> Task goal
Please copy the data exactly as it stands, minus the images.

> Provided material
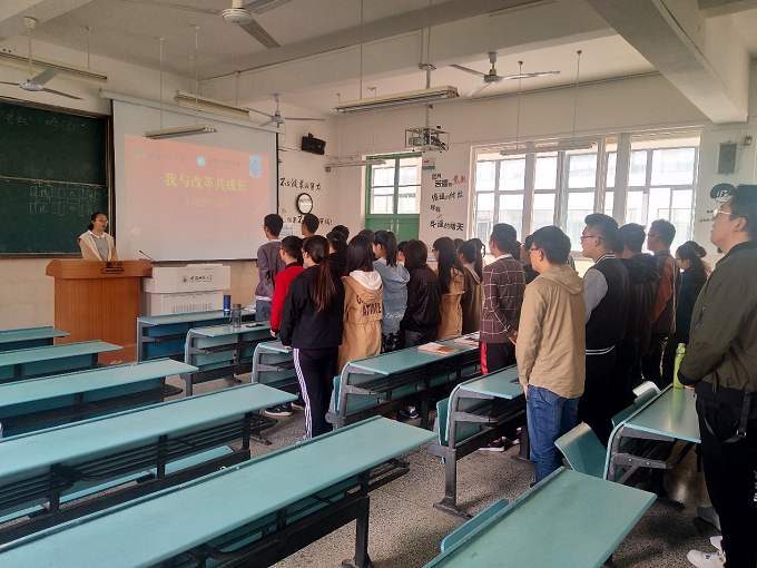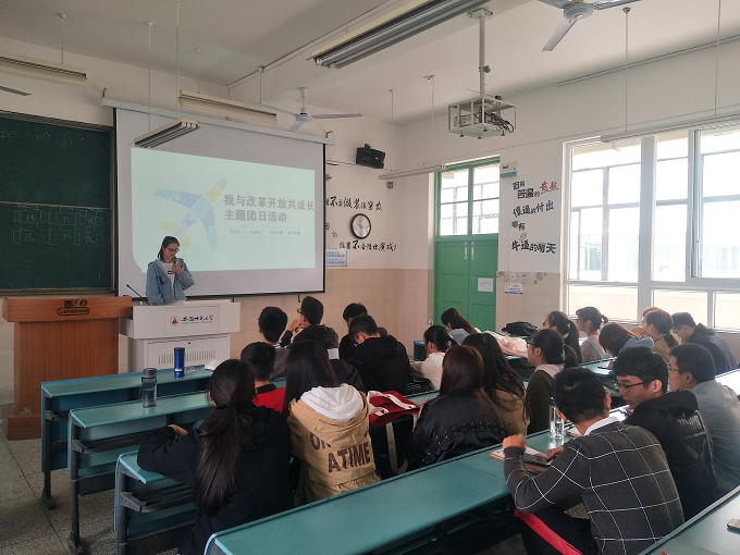 本网讯(地旅学院 王健)为深入学习宣传贯彻习近平新时代中国特色社会主义思想和党的十九大精神,引导广大团员青年回顾四十年来我国改革开放走过的伟大历程和取得的巨大成就,展示青年蓬勃向上的精神风貌,凝聚起实现伟大中国梦的青春力量,进一步提升学校基层团支部活力,10月19日必赢76net线路官网2017级土地资源管理“我与改革共成长”主题团日活动在行知楼2050403教室举行。全体土地资源管理专业同学参与,卢雨佳、高航、宫园、罗耀以及周翔同学进行演讲。
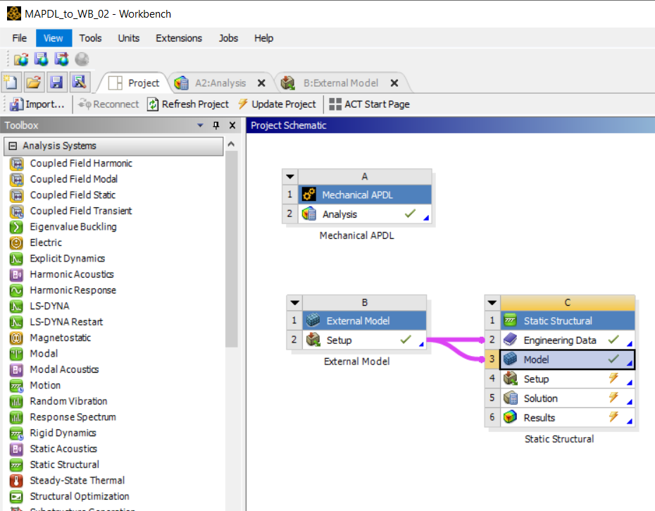 fini/cleÂ/vup,1,z/vie,1,3,2,1Âl=0.100w=0.020t=0.002h=w/2ÂE=2e11nu=0.3uz_tip=-0.005Â/prep7k,1k,2,lk,3,l/2,,hbspl,1,3,2lgen,2,all,,,0,w,0,2lgen,2,all,,,0,0,t,10v,1,2,4,3,11,12,14,13vploÂet,1,185mp,ex,1,Emp,nuxy,1,nuvmes,allnsel,s,loc,xd,all,allnsel,s,loc,x,lnsel,r,loc,z,td,all,uz,uz_tipallsfiniÂ/soluallssavesolvefiniÂ/prep7cdwrite,dbÂÂPlease save the above APDL code to a text file (a MAPDL input file).ÂNow, my WB project page looks like this:ÂRMB on the Analysis cell of System A and add the input file above, and update System A.
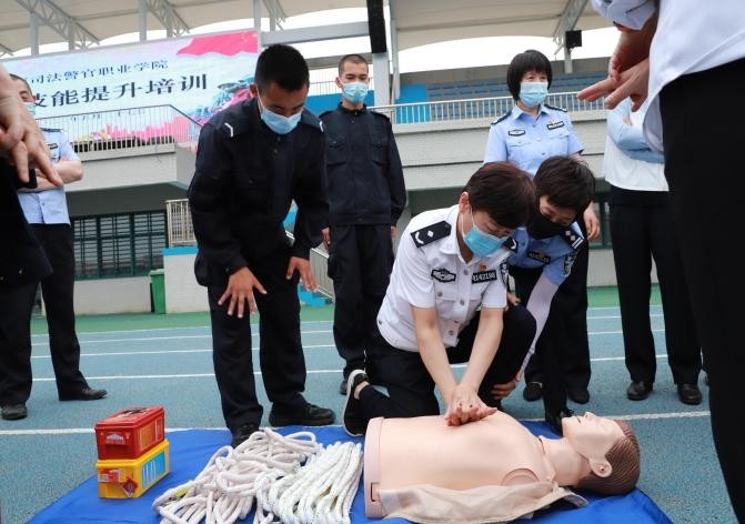 學院教師郭可紅、張謙、王華、靳國軍 4 名和軍訓教官現(xiàn)場講授了各種消防設備的功能及使用方法,并組織教職工體驗了心肺復蘇、繩索打結逃生、高空急救逃生、海姆立克急救法、 防毒面具使用、滅火器使用,強調(diào)了注意事項,認真進行了示范講解,全體教職員工按照急救步驟進行了實際操作演練。

> Result of the task
 本网讯(地旅学院 王健)为深入学习宣传贯彻习近平新时代中国特色社会主义思想和党的十九大精神,引导广大团员青年回顾四十年来我国改革开放走过的伟大历程和取得的巨大成就,展示青年蓬勃向上的精神风貌,凝聚起实现伟大中国梦的青春力量,进一步提升学校基层团支部活力,10月19日必赢76net线路官网2017级土地资源管理“我与改革共成长”主题团日活动在行知楼2050403教室举行。全体土地资源管理专业同学参与,卢雨佳、高航、宫园、罗耀以及周翔同学进行演讲。
 fini/cleÂ/vup,1,z/vie,1,3,2,1Âl=0.100w=0.020t=0.002h=w/2ÂE=2e11nu=0.3uz_tip=-0.005Â/prep7k,1k,2,lk,3,l/2,,hbspl,1,3,2lgen,2,all,,,0,w,0,2lgen,2,all,,,0,0,t,10v,1,2,4,3,11,12,14,13vploÂet,1,185mp,ex,1,Emp,nuxy,1,nuvmes,allnsel,s,loc,xd,all,allnsel,s,loc,x,lnsel,r,loc,z,td,all,uz,uz_tipallsfiniÂ/soluallssavesolvefiniÂ/prep7cdwrite,dbÂÂPlease save the above APDL code to a text file (a MAPDL input file).ÂNow, my WB project page looks like this:ÂRMB on the Analysis cell of System A and add the input file above, and update System A.
 學院教師郭可紅、張謙、王華、靳國軍 4 名和軍訓教官現(xiàn)場講授了各種消防設備的功能及使用方法,并組織教職工體驗了心肺復蘇、繩索打結逃生、高空急救逃生、海姆立克急救法、 防毒面具使用、滅火器使用,強調(diào)了注意事項,認真進行了示范講解,全體教職員工按照急救步驟進行了實際操作演練。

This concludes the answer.